• ABOUT THIS TASK: Return each line below exactly as it reads, and omit any image in it.

• SUPPLIED MATERIAL:
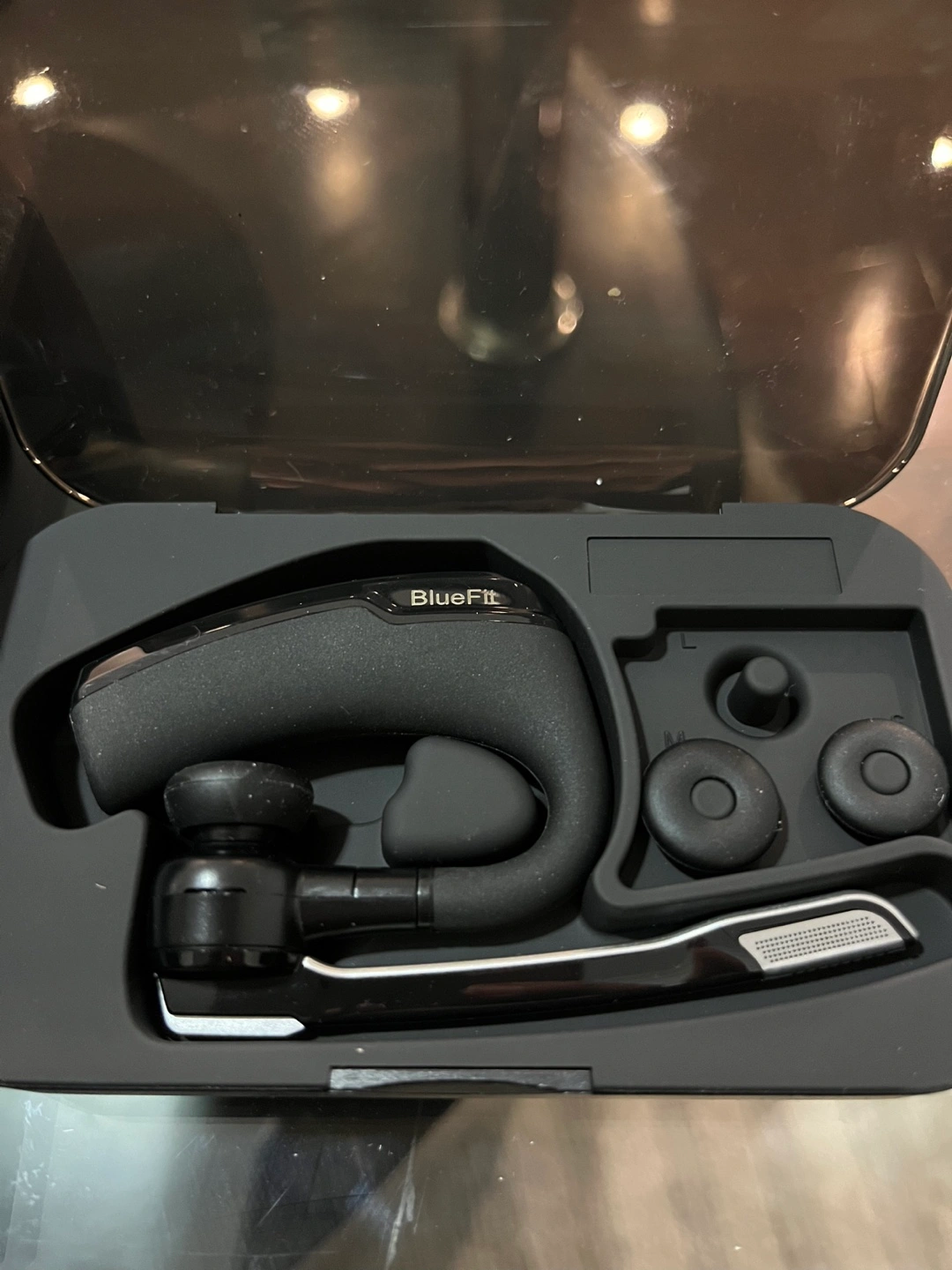 Selling a BlueFit wireless headset in black. It's a hands-free communication device with HD voice. Comes with the box and included components.
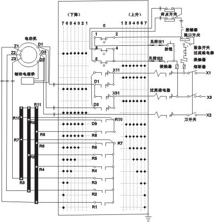 2、在多電動機驅(qū)動系統(tǒng)中,終點開關(guān)和其他控制器觸頭“3”、“4”、“5”接到此電中內(nèi)。
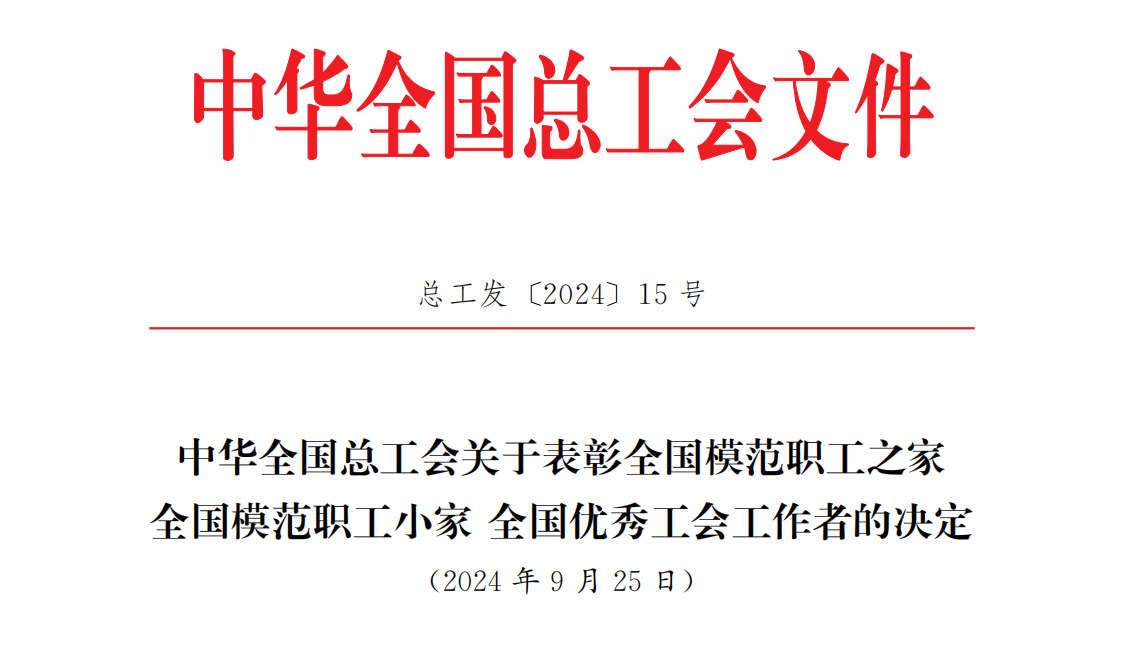 兴发娱乐集团中奇工会获“全国模范职工小家”荣誉称号

• EXERCISE RESPONSE:
 Selling a BlueFit wireless headset in black. It's a hands-free communication device with HD voice. Comes with the box and included components.
 2、在多電動機驅(qū)動系統(tǒng)中,終點開關(guān)和其他控制器觸頭“3”、“4”、“5”接到此電中內(nèi)。
 兴发娱乐集团中奇工会获“全国模范职工小家”荣誉称号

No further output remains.